» Dataset entries
========

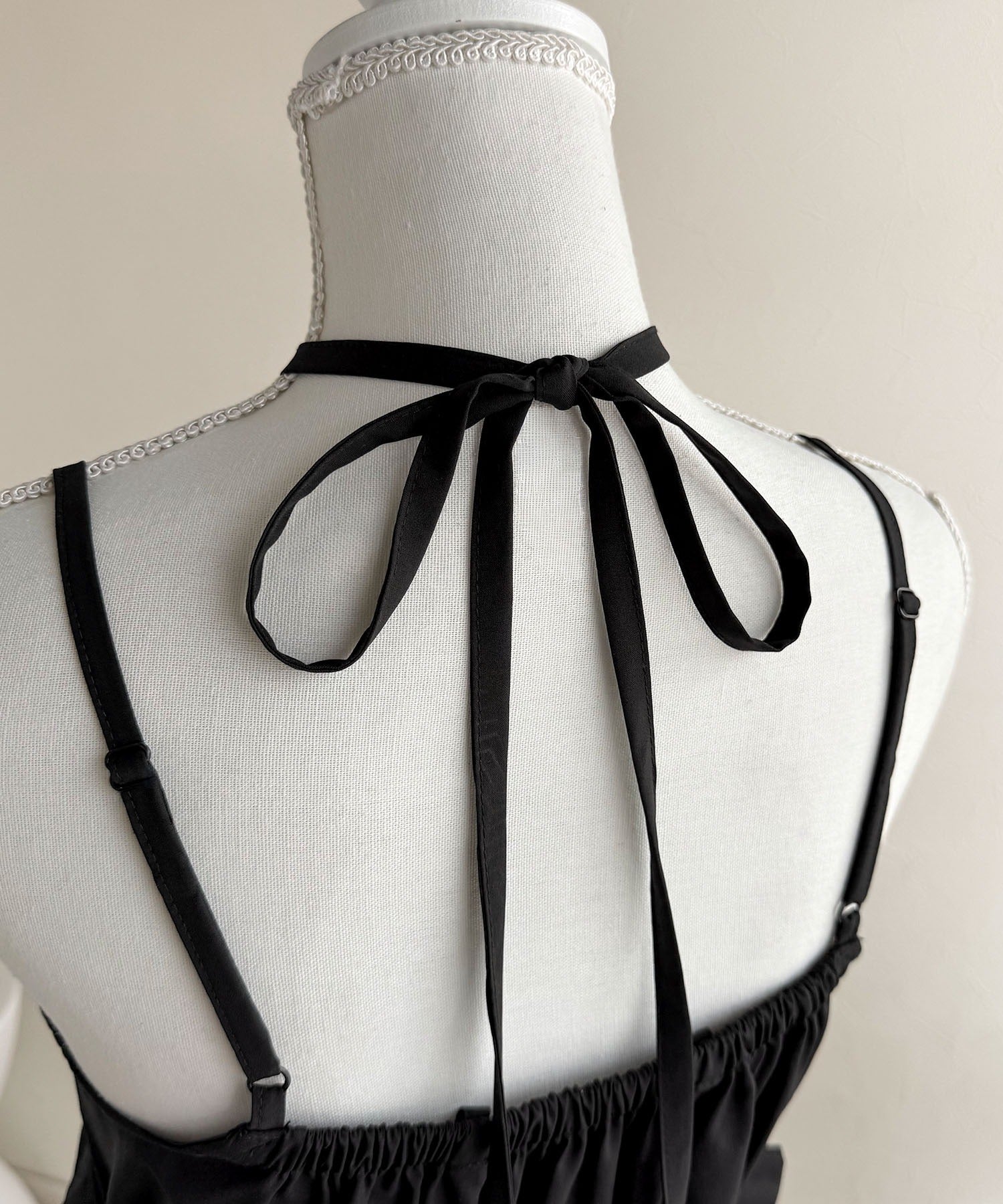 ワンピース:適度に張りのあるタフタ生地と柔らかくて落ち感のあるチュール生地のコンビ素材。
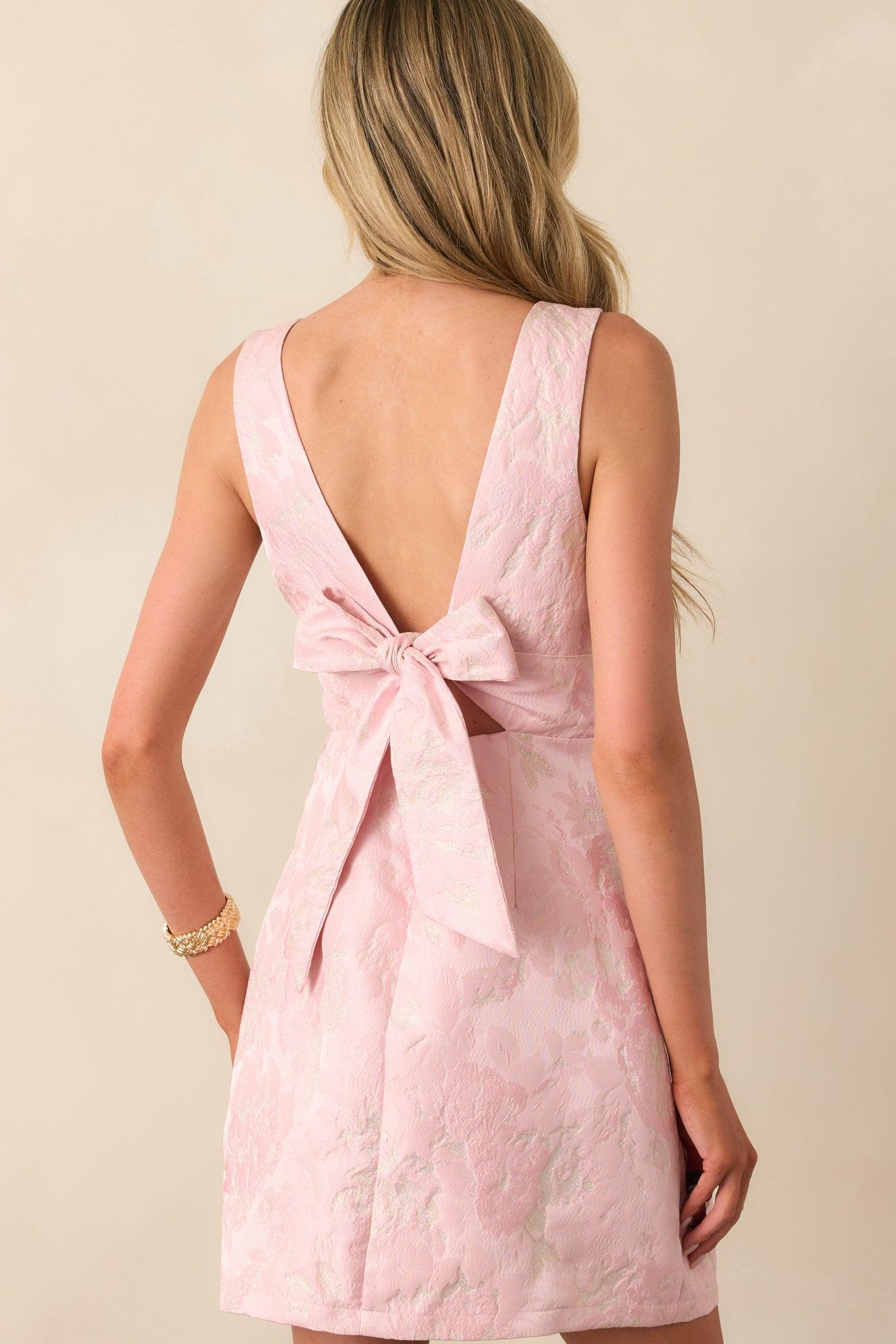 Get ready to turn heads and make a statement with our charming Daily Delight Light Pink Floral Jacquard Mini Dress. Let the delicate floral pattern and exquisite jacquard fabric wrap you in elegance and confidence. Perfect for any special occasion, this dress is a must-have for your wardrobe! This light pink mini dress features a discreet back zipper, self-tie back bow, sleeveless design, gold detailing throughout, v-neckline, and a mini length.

========

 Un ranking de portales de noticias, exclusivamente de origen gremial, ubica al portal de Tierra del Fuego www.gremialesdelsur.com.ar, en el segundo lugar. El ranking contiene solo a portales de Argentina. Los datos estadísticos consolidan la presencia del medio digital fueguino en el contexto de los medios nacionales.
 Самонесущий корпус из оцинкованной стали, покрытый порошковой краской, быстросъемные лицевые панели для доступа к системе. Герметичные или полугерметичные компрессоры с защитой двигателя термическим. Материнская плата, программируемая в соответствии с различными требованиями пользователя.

========

» About this task
All that is wanted is the lines above between the one containing "ワンピース:適度に張りのある" and the one containing "Get ready to", inclusive, restated word for word, with pictures omitted.

» Answer to this task
 ワンピース:適度に張りのあるタフタ生地と柔らかくて落ち感のあるチュール生地のコンビ素材。
 Get ready to turn heads and make a statement with our charming Daily Delight Light Pink Floral Jacquard Mini Dress. Let the delicate floral pattern and exquisite jacquard fabric wrap you in elegance and confidence. Perfect for any special occasion, this dress is a must-have for your wardrobe! This light pink mini dress features a discreet back zipper, self-tie back bow, sleeveless design, gold detailing throughout, v-neckline, and a mini length.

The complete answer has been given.